All of that data, all of those records, all that accumulated information and more resides in strata after strata of public domain databases that anyone can access as they so will.  This is part of the legacy of the builders, and it is part of the inheritance of all humanity.  Having all of this ever-increasing body of information immediately and freely available to everyone has ushered in an era of free inquiry that has rocked Polite Society to its core on more than one occasion.  Scientific Revolutions are very real and very dangerous in Riskail.  The last one has left lingering after-shocks that are still being sorted-out and mitigated by crack teams of municipal disaster recovery thralls to this very day.

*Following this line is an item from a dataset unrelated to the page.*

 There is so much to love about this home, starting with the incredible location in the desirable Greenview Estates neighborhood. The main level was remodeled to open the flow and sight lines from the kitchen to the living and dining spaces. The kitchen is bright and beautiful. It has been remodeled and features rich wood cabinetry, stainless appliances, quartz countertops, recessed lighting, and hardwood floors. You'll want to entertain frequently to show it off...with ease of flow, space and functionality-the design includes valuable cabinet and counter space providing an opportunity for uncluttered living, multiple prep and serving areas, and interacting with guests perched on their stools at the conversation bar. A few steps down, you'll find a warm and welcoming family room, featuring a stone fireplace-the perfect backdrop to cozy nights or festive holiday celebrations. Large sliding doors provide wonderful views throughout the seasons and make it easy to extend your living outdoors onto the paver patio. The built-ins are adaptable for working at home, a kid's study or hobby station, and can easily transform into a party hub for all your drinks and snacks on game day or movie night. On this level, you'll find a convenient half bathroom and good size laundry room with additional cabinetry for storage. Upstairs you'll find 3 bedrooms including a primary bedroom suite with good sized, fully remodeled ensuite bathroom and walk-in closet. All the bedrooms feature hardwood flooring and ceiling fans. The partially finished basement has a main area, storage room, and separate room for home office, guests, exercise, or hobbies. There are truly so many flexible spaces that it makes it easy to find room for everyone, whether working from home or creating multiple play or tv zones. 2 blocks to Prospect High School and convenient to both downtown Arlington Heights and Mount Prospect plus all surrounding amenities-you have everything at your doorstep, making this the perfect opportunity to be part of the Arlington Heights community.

The sheer amount of data and information freely available to anyone even vaguely interested is staggering.  Scholars and scientists work with hosts of specialized AI and other types of constructs in order to sift through it all, searching for meaningful patterns, looking for clues to age old mysteries, and expanding the boundaries of the known and the quantified with each question posed, every database query and/or exploration and analysis of the ever-expanding wealth of data available to them.  Some scholars specialize in drawing inferential connections between the works of others.  There are scientists who focus on the ruthless pursuit of answers to timeless questions that have dogged humanity from the beginning of consciousness.  Then there are the Insane Geniuses.  These are the people who have delved far more deeply into the accumulated databases of all that is known than anyone else.  They have gone into the darkness of the Unknown and come back with entirely new languages, new technologies, new paradigms and conceits, a vast panoply of destablizing inventions, radical innovations and things never before seen nor imagined.  Their insanity is not a disability, nor is it an affliction; they are insane because their knowledge and discoveries have taken them beyond anyting that conventional society can recognize or deal with appropriately at this time.  They are caught-up within their work and their research to the point that they cannot relate to lesser mortals any longer.  Many of them take sabbaticals, spending decades in quiet retirement and meditation within some Asylum-Chateau along the River Senube in order to more fully process their findings, and to give the rest of the world a chance to catch up to their findings.  Others retreat to stasis-cysts so that they might sleep undisturbed until such time as their genius might be more readily appreciated by Polite Society.  Still others attempt to implement their plans and designs, foisting well-intentioned innovations upon an unsuspecting public, almost all of which inevitably lead to turmoil, disruption and sometimes bloodshed and Revolution as society tries to come to terms with the new ways of doing, thinking and acting precipitated by their inventions.

Fortunes are made and lost and re-made and onwards in a never-ending cycle of innovation, introduction, adoption and obsolescence.  Old ideas that were dismissed or previously discredited or a failure can often be revived, revised and re-introduced all over again after a few hours, days or weeks.  Some of the more peculiar notions might take longer, say a month or two.  But in the end, whatever can be designed, can be built.  Whatever can be described, can be developed.  Not only has technology become autonomous, so has science and the pursuit of knowledge been liberated as well.  And this is where the Artist, the Scholar and the Scientist meet, merge and often overlap with one another.  Sometimes this leads to beautiful things, such as some of the ornamental species or the more elegant Synthecosms, other times to horrors previously unimagined like some of the more notorious Viruxes.

Riskail, as a confluence-point of the Twelve Great Powers, is a renaissance society.  In the truest sense of the word.